-------- Given data --------
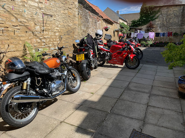There was a great mix of excellent machinery, with 3 Ducatis, a Triumph Tiger, a BMW S1000RR and a cracking new Enfield Interceptor, still being run-in. The Ducatis included a smart Monster, the ever capable Multistrada and fabulous 996. The sun wasn’t exactly shining, but it was dry and the road conditions were excellent as the group made its way through the very nice Biker friendly twisty roads in a loop south and then back north, across the A605 and then on to the A6116 for a short stint to the picturesque village of Brigstock. The group of 6 advanced riders all kept up a very good pace through the wide variety of roads they encountered.
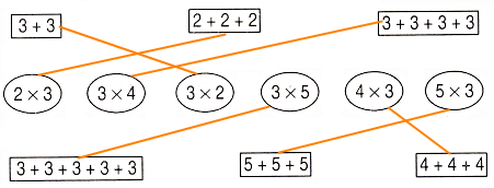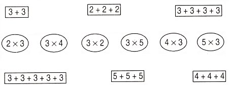 Ta chuyển thành phép nhân như sau: 3 + 3 = 3 × 2.
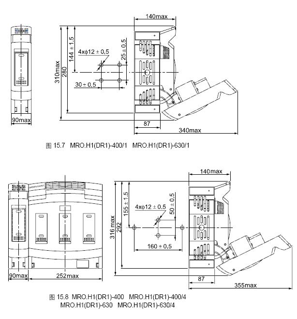 開關(guān)有底座和罩殼(載熔裝置)兩部分組成,呈封閉結(jié) 構(gòu),正面操作,通過罩殼上的透明板,可以直接觀察配裝的熔 斷體額定數(shù)據(jù)及指示件的動作狀態(tài),開關(guān)配裝相應(yīng)尺碼的熔斷 體;其中MRO.H1(DR1)-100/1 為單極,可相互拼裝,分別派 生為三、四極,可配裝000 尺碼的熔斷體,結(jié)構(gòu)經(jīng)濟,緊湊, MRO.H1(DR1)-160/1 為單極和MRO.H1(DR1)-160 為三極并列 結(jié)構(gòu),兩種結(jié)構(gòu)都能配裝000 和00 兩種尺碼的熔斷體;MRO. H1(DR1)-250/1、MRO.H1(DR1)-400/1、MRO.H1(DR1)-630/1 為單極和MRO.H1(DR1)-250、MRO.H1(DR1)-400 、MRO. H1(DR1)-630 為三極并列結(jié)構(gòu),分別配裝尺碼為1、2、3 的熔斷體。 以上的三極與同型號的單極拼裝,可派生為四極。 開關(guān)具有體積小巧、使用安全可靠、熔斷體卸裝方便、操作 力小等優(yōu)點。
--------
--- Your task ---
The span to retype runs from the line containing "Ta chuyển thành" through the last line of the listing above, both ends included; copy it exactly, without pictures.

--- Exercise response ---
 Ta chuyển thành phép nhân như sau: 3 + 3 = 3 × 2.
 開關(guān)有底座和罩殼(載熔裝置)兩部分組成,呈封閉結(jié) 構(gòu),正面操作,通過罩殼上的透明板,可以直接觀察配裝的熔 斷體額定數(shù)據(jù)及指示件的動作狀態(tài),開關(guān)配裝相應(yīng)尺碼的熔斷 體;其中MRO.H1(DR1)-100/1 為單極,可相互拼裝,分別派 生為三、四極,可配裝000 尺碼的熔斷體,結(jié)構(gòu)經(jīng)濟,緊湊, MRO.H1(DR1)-160/1 為單極和MRO.H1(DR1)-160 為三極并列 結(jié)構(gòu),兩種結(jié)構(gòu)都能配裝000 和00 兩種尺碼的熔斷體;MRO. H1(DR1)-250/1、MRO.H1(DR1)-400/1、MRO.H1(DR1)-630/1 為單極和MRO.H1(DR1)-250、MRO.H1(DR1)-400 、MRO. H1(DR1)-630 為三極并列結(jié)構(gòu),分別配裝尺碼為1、2、3 的熔斷體。 以上的三極與同型號的單極拼裝,可派生為四極。 開關(guān)具有體積小巧、使用安全可靠、熔斷體卸裝方便、操作 力小等優(yōu)點。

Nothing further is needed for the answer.